New painting from Beirut

 

Curated by Charlotte Bank

 

 

Art-Lab iPhonedoctor,

Perleberger Straße 60, Berlin-Moabit

 

Artists:

Ayman Baalbaki, Nadia Safieddine, Said Baalbaki, Salah Saouli, Tagreed Darghouth

After the end of the long and bloody Civil War (1990), the wish to catch up with the lost years was prominent in Lebanese society. Many Lebanese who had left the country during the war years returned and brought with them new experiences and ideas, a situation that led to a particular dynamic. Beirut turned into a sort of “laboratory” of this new artistic “movement” that combined new ideas of young artists who had studied internationally and whose work was influenced by contemporary artistic discourse of the global centres of art with the historical specificities of Beirut, Lebanon and the wider region. The city of Beirut became a leading centre of art in the region.

Particularly after the year 2000, international interest focused on a group of young artists whose conceptual works addressed issues of the recent past of the country and thus undertook the work of coming to terms with the violent past, a task the political class in Lebanon was (and is) reluctant to tackle. Their favourite media were installation, video, performance as well as archive- and text-based work. More “traditional” media such as painting and sculpture were hardly used and were even often regarded as passé. However, a small group of young artists started incorporating painting in their conceptual work.  Trained in painting, they searched for new ways to use this medium by cultivating a link with local art history (also reflected in the collecting practices of some of these young artists), while remaining firmly grounded in contemporary discourse and concerns. Thus, their painting practice cannot be separated from their work in “contemporary” media.

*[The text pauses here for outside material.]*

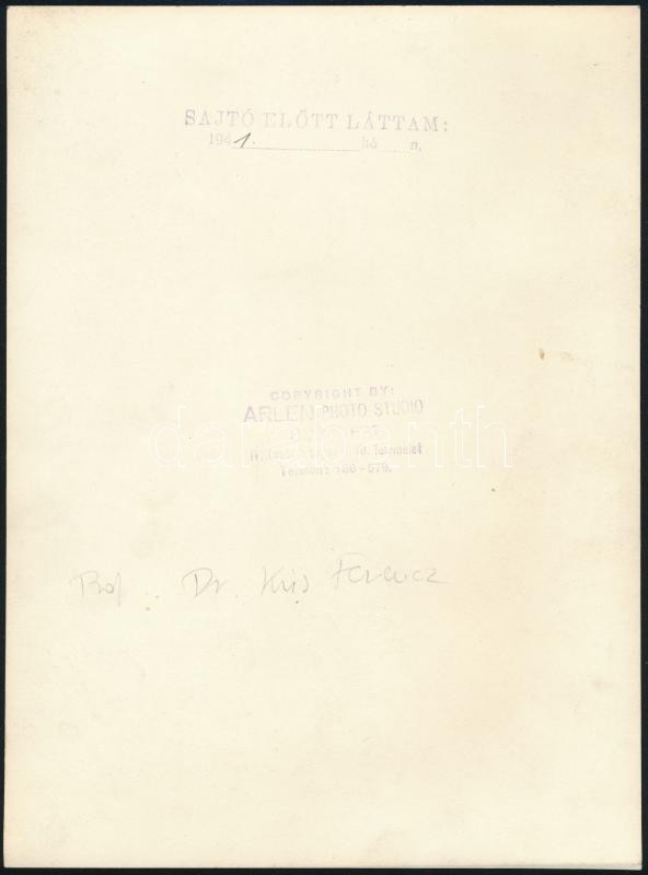 dr. Kiss Ferenc (1889-1966) anatómiaprofesszor sajtómegjelenés előtti ... https://www.darabanth.com/de/290-Fernauktion/290.0/Andere-Sammelgebiete/Foto~100020/dr-Kiss-Ferenc-1889-1966-anatomiaprofesszor-sajtomegjelenes-elotti-fotoja-Arlen-foto-hat~II1532338

The exhibition “Re-touch” presents the rich world of this group of artists. It offers for the first time in Berlin a concentrated view of this new practice and explores the different ways through which these artists have succeeded in renewing their chosen medium.  The works critically address current issues of Lebanese society such as exile, alienation, the obsession with beauty, violence and destruction and manifest a colour-hungry rawness that is very far from the aesthetic exercises of former generations of Lebanese painters.